I just dropped my boy child, my baby, my first, heart-filling love, at his Nanna and Grandad’s.
I told him he couldn’t come home with me tonight.
That we needed time away from each other to think.
My heart hurts.
It is empty and heavy.
I miss my boy.
We had an argument about his behaviour.
Yes, I should be the calm in his storm – doubly with Sensory Processing Disorder.
But I am human.
And it hurts.
God, the things he does and says sometimes, they hurt.
We yelled and he screamed and he jumped on the bed and screamed and threw things and I cried.
And I told him to pack a bag.
And he cried.
He told me I don’t love him.
I don’t want him.
I never loved him.That I should just leave him on the side of the road and have a happy life without him.
I had to tell him over and over, I do love him.
I need him.
I won’t be happy without him.
But he needed to have a talk with Grandad.
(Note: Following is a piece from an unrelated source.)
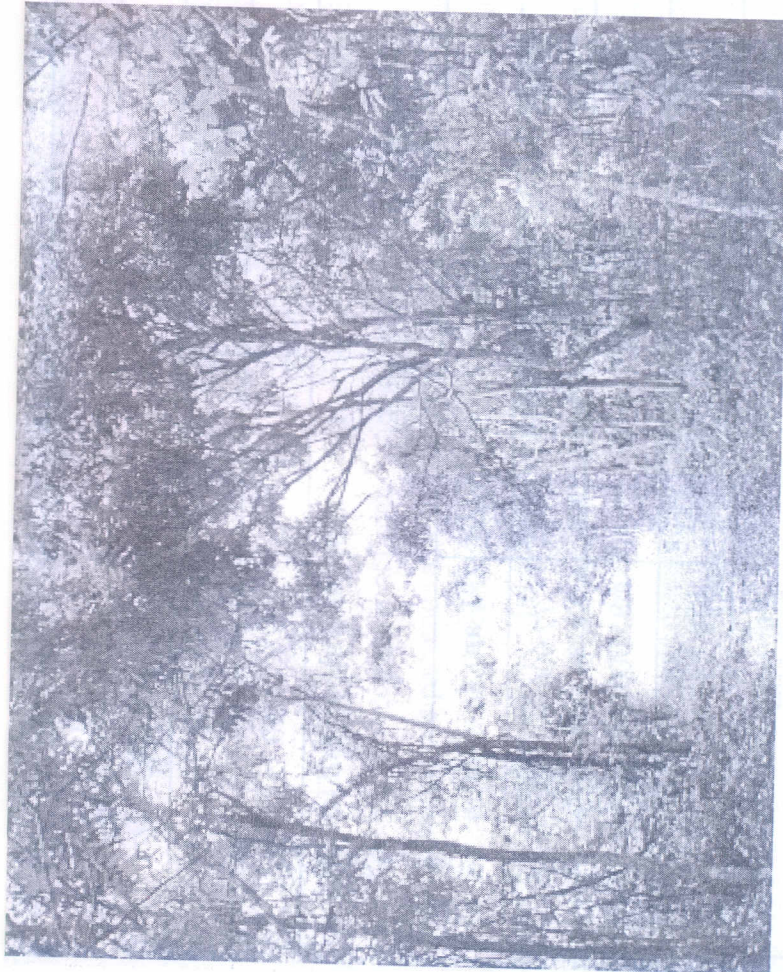
Une vue du circuit écologique long d'un Km et demi.

He needs to have some time and so do I.
I will come and pick him up tomorrow.
When we’ve breathed.
That I love him.
People who don’t understand sensory processing disorder.
They probably think it doesn’t exist.
That he’s just a brat.
That I’m just a bad parent.
But I’m a good parent.
A damn good one.
If I wasn’t, I wouldn’t have been able to drive away from him, knowing he needs some time away, when all I wanted was to take him home and snuggle him tight.